WHY DO I CRAVE CARBS?

  1. Going too long without eating. This will lead to low blood sugar which will increase the urge to eat carbs. I doubt many of you crave broccoli when you haven’t eaten for 8 hours! My guess is that you would be looking for something starchy or sugary.
  2. Consuming too many processed low fiber carbs. Foods such as white rice, white bread, sweets and other sugary food are low in fiber and have a high glycemic index. Eating high glycemic foods (especially larger portions) can cause a quick spike in blood sugar, followed by a quick drop. This stimulates hunger and can cause the urge to eat more carbohydrates.
  3. Not eating adequate protein at meals. Eating meals that contain only carbohydrate (i.e. a jumbo bagel, big bowl of pasta or frozen yogurt with granola) will cause a more rapid rise and fall of blood sugar. This can exacerbate cravings. Protein helps to keep blood sugar levels and promotes satiety. Therefore, you feel full longer when you include protein at meals.
  4. Not eating adequate fat at meals. Many of my clients are fat phobic and will go out of their way to avoid eating fat. Fat free butter spray, fat free salad dressing, etc. Fat takes a long time to digest, helps to prevent rapid peaks and drops of blood sugar and helps keep you full longer. Of course, the key is not to overdulge in fat as loaded with calories. I will talk more about how fat you should eat a day in a later post.
  5. Taking your caloric intake too low. When your consume too few calories, your hypothalmus produces extra NPY (neuropeptide Y), a chemical messenger that encourages you to eat more carbohydrates. In addition, the hypothalmus secretes another chemical called galanin which increases cravings for foods rich in fat and carbs. Take home message: eating too few calories = cravings for high carb foods.

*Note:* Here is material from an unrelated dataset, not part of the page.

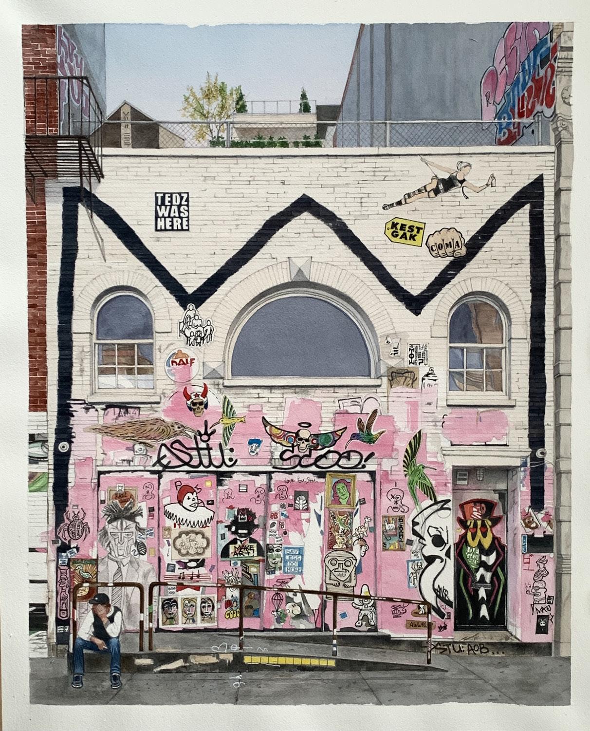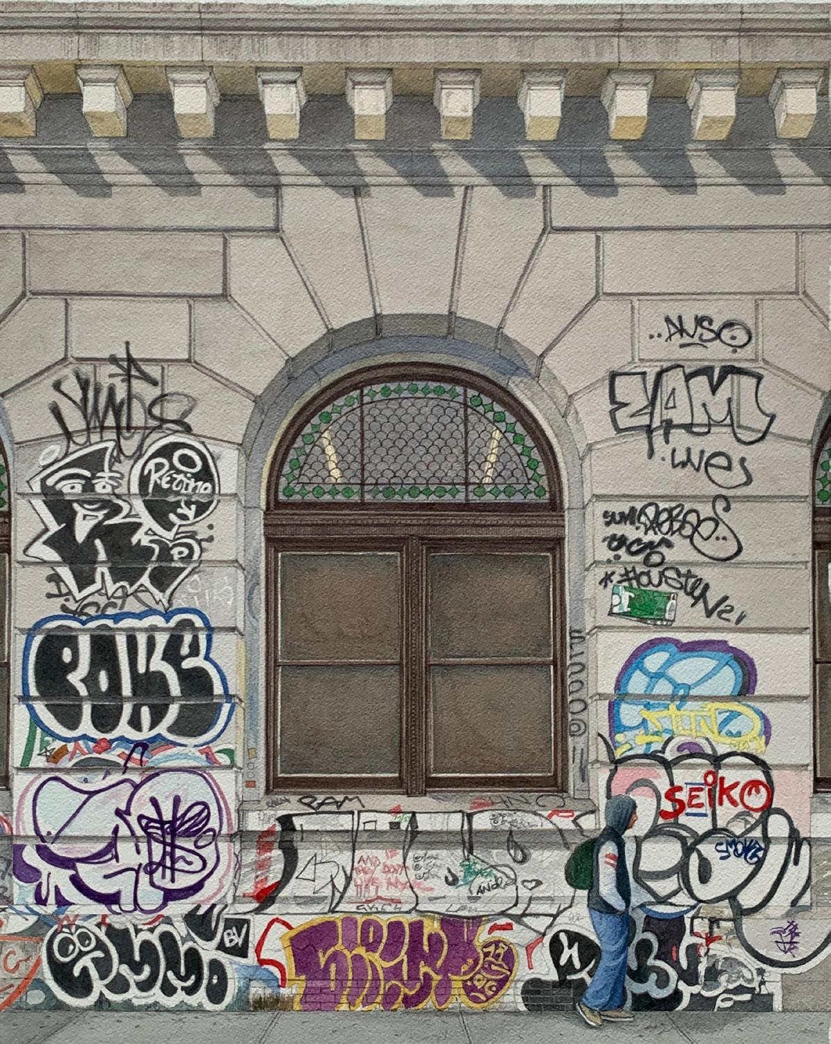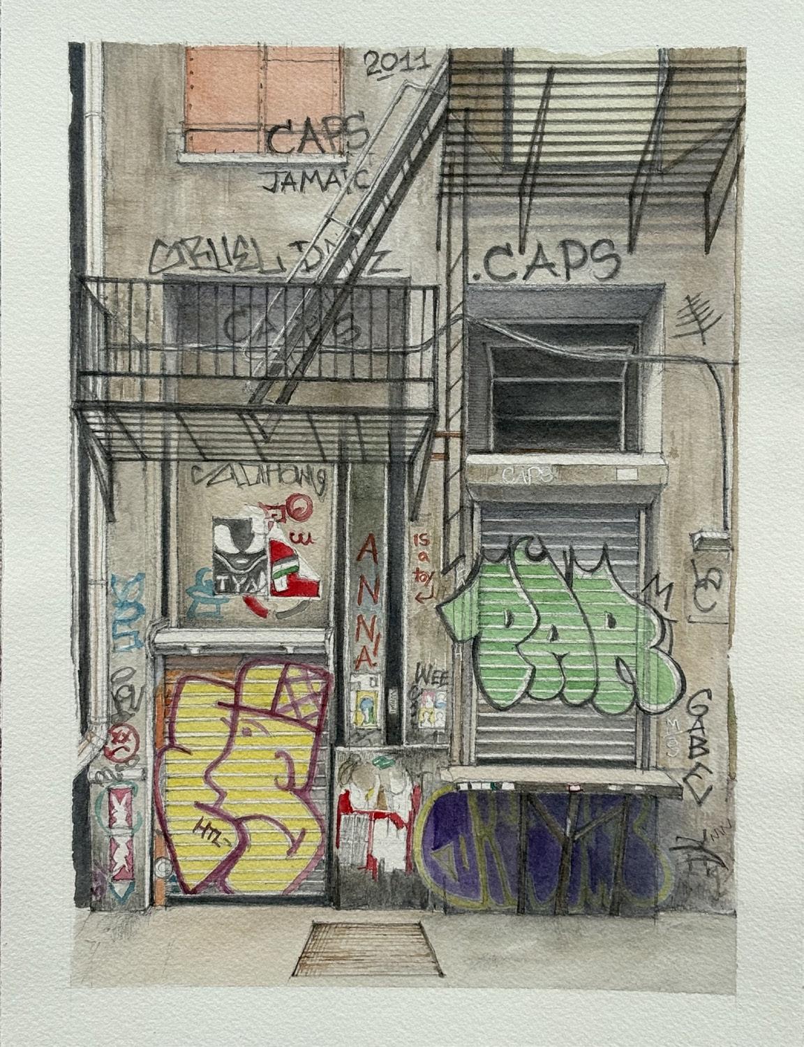Her subject is the city itself. The walls of the Lower East Side, Soho, and the West Village— layered with graffiti, murals, and fragments of visual protest—become her archive. What is often temporary and at risk of erasure is carefully documented through her lens before being reinterpreted in watercolor.

  6. Getting inadequate sleep. Sleep affects hormones that regulate satiety, hunger and how efficiently you burn calories. Too little sleep can lower levels of leptin and raise levels of ghrelin, which can increase hunger for sweet and/or starchy foods.
  7. Consuming inadequate carbs, especially if you are an active person. Exercising on a regular basis and not consuming adequate carbs will cause you to have powerful carb cravings as well as low energy levels. This is because carbs are the major fuel used by exercising muscles. Your body likes to keep your energy stores full of energy (called glycogen). If you exercise on a regular basis and don’t eat enough carbs, your body will go into “carb seeking mode” as it tries to replete its glycogen stores. In addition, you will likely find your energy levels plummet.
  8. Having high stress levels. High levels of stress can cause chemical imbalances in your body. Cortisol is produced by the adrenal glands in your body when you are under stress. Cortisol will increase production of a neurotransmitter called neuropeptide Y, which as I previously discussed, can increase cravings for sweet or starchy foods.
  9. Insulin resistance. Insulin resistance is a condition in which the body tends to oversecrete insulin in order to get the glucose into the cells. This “hyperinsulinemia” can cause carb cravings.